- _PROBLEM REQUIREMENTS_
Begin at the line holding "- Adjust the" and set down exactly each line through the last one below, omitting pictures. Include nothing else.

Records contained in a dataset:
=-=-=

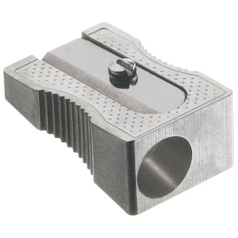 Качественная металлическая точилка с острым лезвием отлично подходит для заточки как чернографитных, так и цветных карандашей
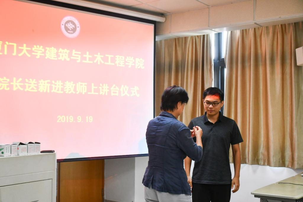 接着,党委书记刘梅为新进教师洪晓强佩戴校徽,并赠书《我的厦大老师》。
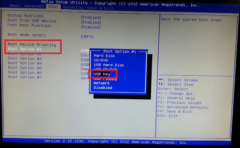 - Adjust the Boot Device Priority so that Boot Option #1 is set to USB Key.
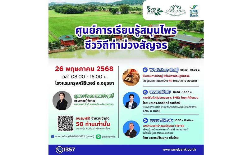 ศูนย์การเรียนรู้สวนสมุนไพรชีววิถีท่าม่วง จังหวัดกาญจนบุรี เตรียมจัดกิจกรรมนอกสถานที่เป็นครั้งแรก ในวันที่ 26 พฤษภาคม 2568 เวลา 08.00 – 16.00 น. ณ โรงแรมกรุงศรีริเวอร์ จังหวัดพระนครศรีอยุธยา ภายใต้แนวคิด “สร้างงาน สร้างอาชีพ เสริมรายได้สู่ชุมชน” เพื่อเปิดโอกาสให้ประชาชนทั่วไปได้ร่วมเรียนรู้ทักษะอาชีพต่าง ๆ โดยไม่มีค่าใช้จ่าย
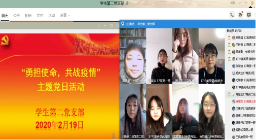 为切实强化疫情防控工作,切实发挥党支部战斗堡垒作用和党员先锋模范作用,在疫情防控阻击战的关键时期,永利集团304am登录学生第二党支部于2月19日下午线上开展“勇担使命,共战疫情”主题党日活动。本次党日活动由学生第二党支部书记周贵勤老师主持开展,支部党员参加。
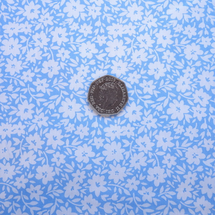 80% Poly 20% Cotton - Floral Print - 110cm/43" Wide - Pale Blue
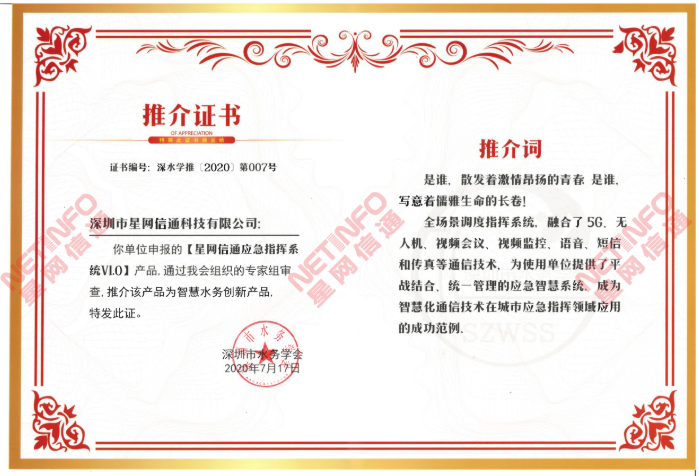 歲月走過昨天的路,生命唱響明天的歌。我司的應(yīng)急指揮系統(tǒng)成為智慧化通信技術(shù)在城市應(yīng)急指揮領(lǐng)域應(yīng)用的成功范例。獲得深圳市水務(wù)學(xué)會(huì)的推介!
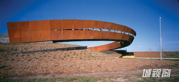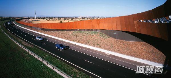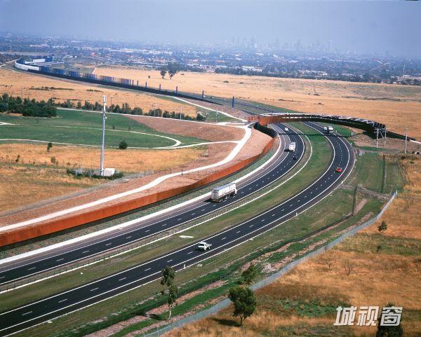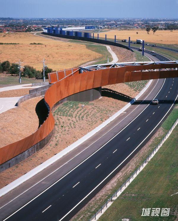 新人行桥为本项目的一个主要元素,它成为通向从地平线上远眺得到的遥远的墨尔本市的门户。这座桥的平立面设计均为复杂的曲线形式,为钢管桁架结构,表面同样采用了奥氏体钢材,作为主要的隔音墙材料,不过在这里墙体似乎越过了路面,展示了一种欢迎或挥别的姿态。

=-=-=

- _SOLUTION BELOW_
 - Adjust the Boot Device Priority so that Boot Option #1 is set to USB Key.
 ศูนย์การเรียนรู้สวนสมุนไพรชีววิถีท่าม่วง จังหวัดกาญจนบุรี เตรียมจัดกิจกรรมนอกสถานที่เป็นครั้งแรก ในวันที่ 26 พฤษภาคม 2568 เวลา 08.00 – 16.00 น. ณ โรงแรมกรุงศรีริเวอร์ จังหวัดพระนครศรีอยุธยา ภายใต้แนวคิด “สร้างงาน สร้างอาชีพ เสริมรายได้สู่ชุมชน” เพื่อเปิดโอกาสให้ประชาชนทั่วไปได้ร่วมเรียนรู้ทักษะอาชีพต่าง ๆ โดยไม่มีค่าใช้จ่าย
 为切实强化疫情防控工作,切实发挥党支部战斗堡垒作用和党员先锋模范作用,在疫情防控阻击战的关键时期,永利集团304am登录学生第二党支部于2月19日下午线上开展“勇担使命,共战疫情”主题党日活动。本次党日活动由学生第二党支部书记周贵勤老师主持开展,支部党员参加。
 80% Poly 20% Cotton - Floral Print - 110cm/43" Wide - Pale Blue
 歲月走過昨天的路,生命唱響明天的歌。我司的應(yīng)急指揮系統(tǒng)成為智慧化通信技術(shù)在城市應(yīng)急指揮領(lǐng)域應(yīng)用的成功范例。獲得深圳市水務(wù)學(xué)會(huì)的推介!
 新人行桥为本项目的一个主要元素,它成为通向从地平线上远眺得到的遥远的墨尔本市的门户。这座桥的平立面设计均为复杂的曲线形式,为钢管桁架结构,表面同样采用了奥氏体钢材,作为主要的隔音墙材料,不过在这里墙体似乎越过了路面,展示了一种欢迎或挥别的姿态。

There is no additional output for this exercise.